ここまで調べてこの患者さんにこの治療のことを紹介した。
  1. 当院では食道内圧を測れないので、まず診断を確実にしてもらいましょう。
  2. いろいろな治療がありますが、いきなりPOEM治療ができる施設に紹介します。とても遠い病院を紹介することになりますけど頑張ってください。
  3. とはいえ、まず服薬になるかもしれません。バルーン拡張になるかもしれません。ボツリヌストキシン治療になるかもしれません。でもおそらくPOEM治療を勧められると思います。
  4. 3年苦しんできたのだから受診されてもいいと思いますよ。

紹介医からは、まずアカラシア診断が付いた時に丁寧な返事をいただき、それから間もなくPOEM治療は行われた。術後3ヶ月たつが全く合併症なく患者の症状は大いに軽快している。

さてこの新しい治療法であるが最初に報告されてから8年たつが日本国内でこの治療が爆発的に広がっているわけではない。もともと少ないアカラシアの患者であるから日本全国で数カ所のハイボリュームセンターがあれば充分なのだろう。ハイボリュームセンターで専門医がますます熟達していけば、新たなアカラシア患者はそこで治療してもらえばよいだろう。

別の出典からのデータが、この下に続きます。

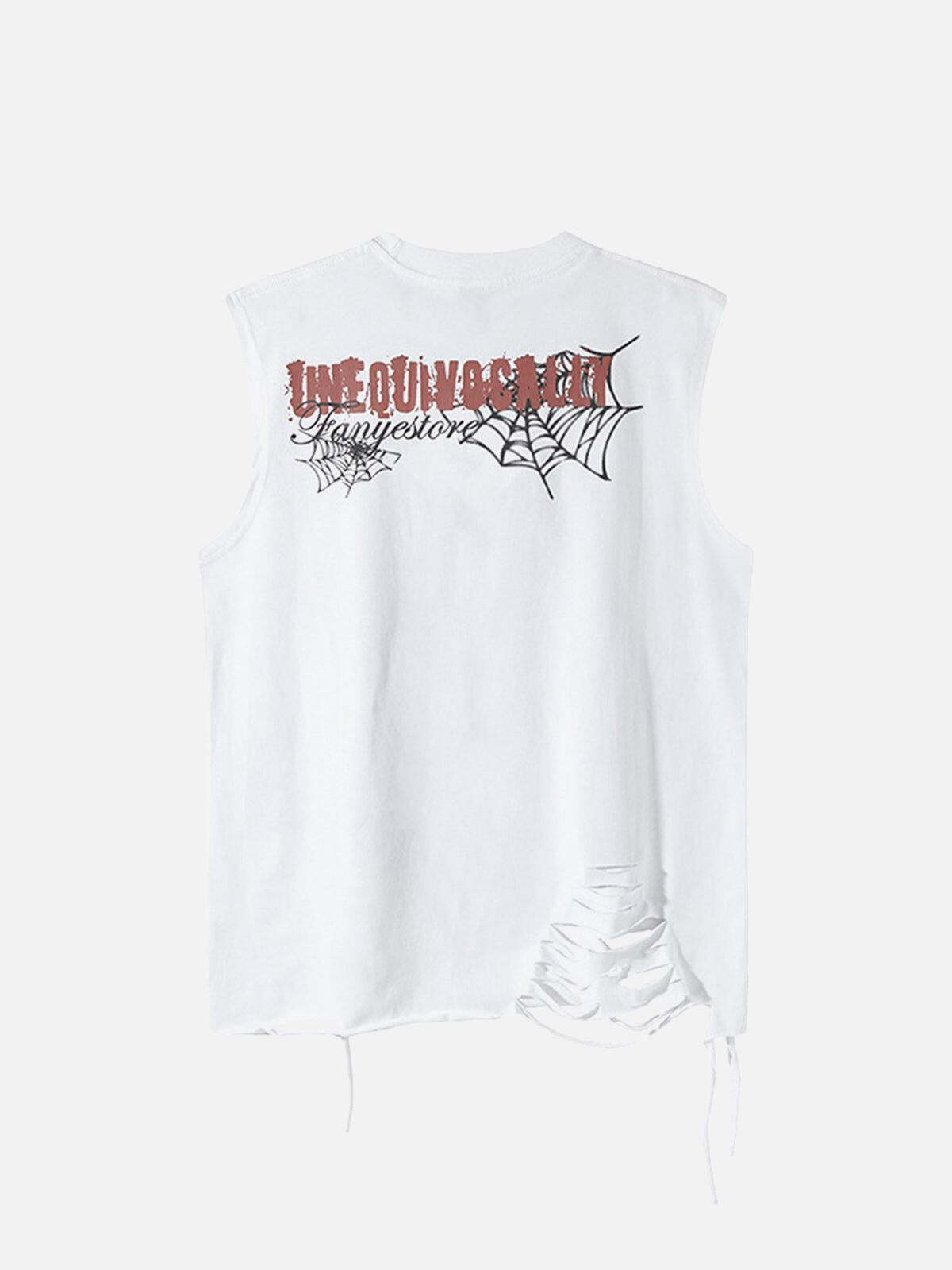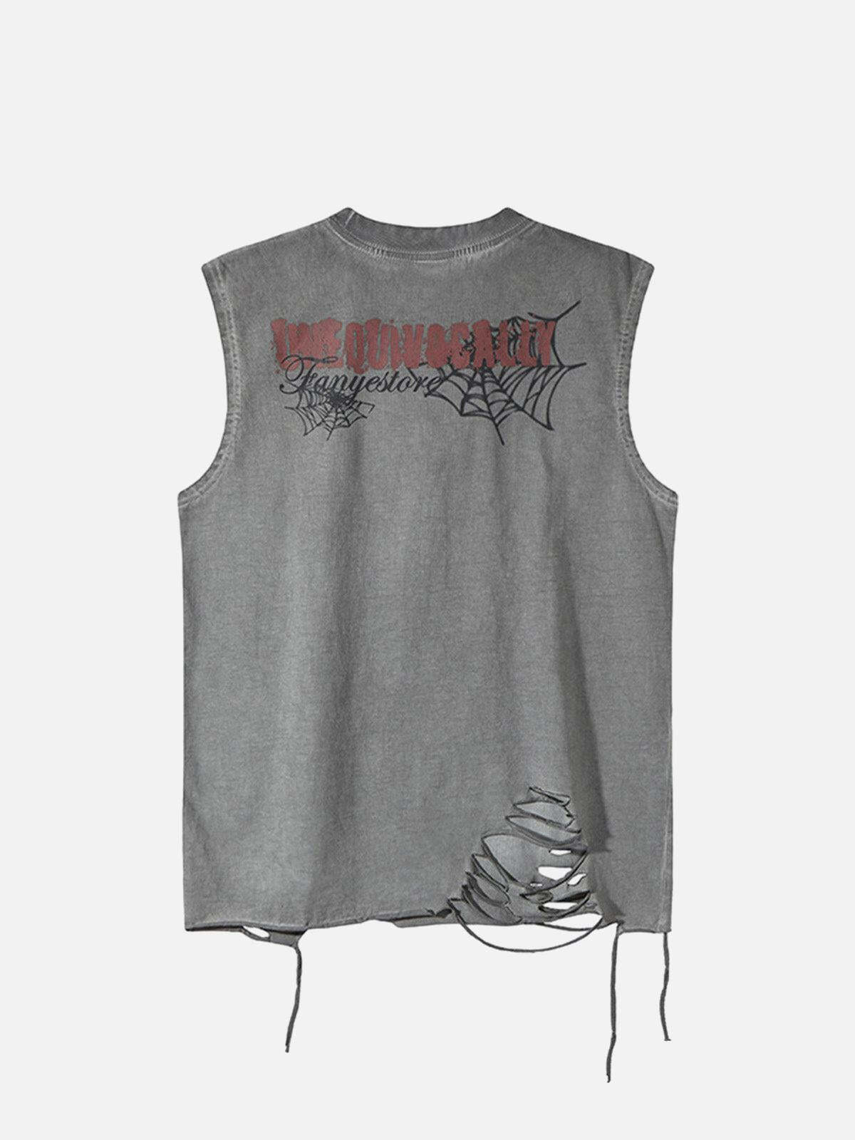 Dare to redefine streetwear fashion with this audacious sleeveless tee, where edgy meets elegance in a woven dance of intricate spider web designs. The distressed detailing and raw hems add a gritty texture, perfect for those who embrace the urban jungle. Available in versatile gray, white, and black, and sizes ranging from S to 2XL, this piece seamlessly fits any vibe and any body. Pair it with your favorite ripped jeans or layer it under a sleek bomber jacket for ultimate outfit inspo. Ready to turn heads and spark conversations? Slide into your new favorite look today.

POEMのことを知らなかったから恥ずかしいが、めったにこないアカラシアのこの患者さんを診療して未だにPOEMのことを知らないままで終わっていたらもっと恥ずかしい。POEMのことは患者さんに教えてもらったといっても良いくらいだ。患者さんをきっかけに教えてもらうことはいまだに極めて多い。感謝、感謝である。

今年も病気と患者さんに謙虚に寄り添って、できるだけのことをやっていこうと思った次第である。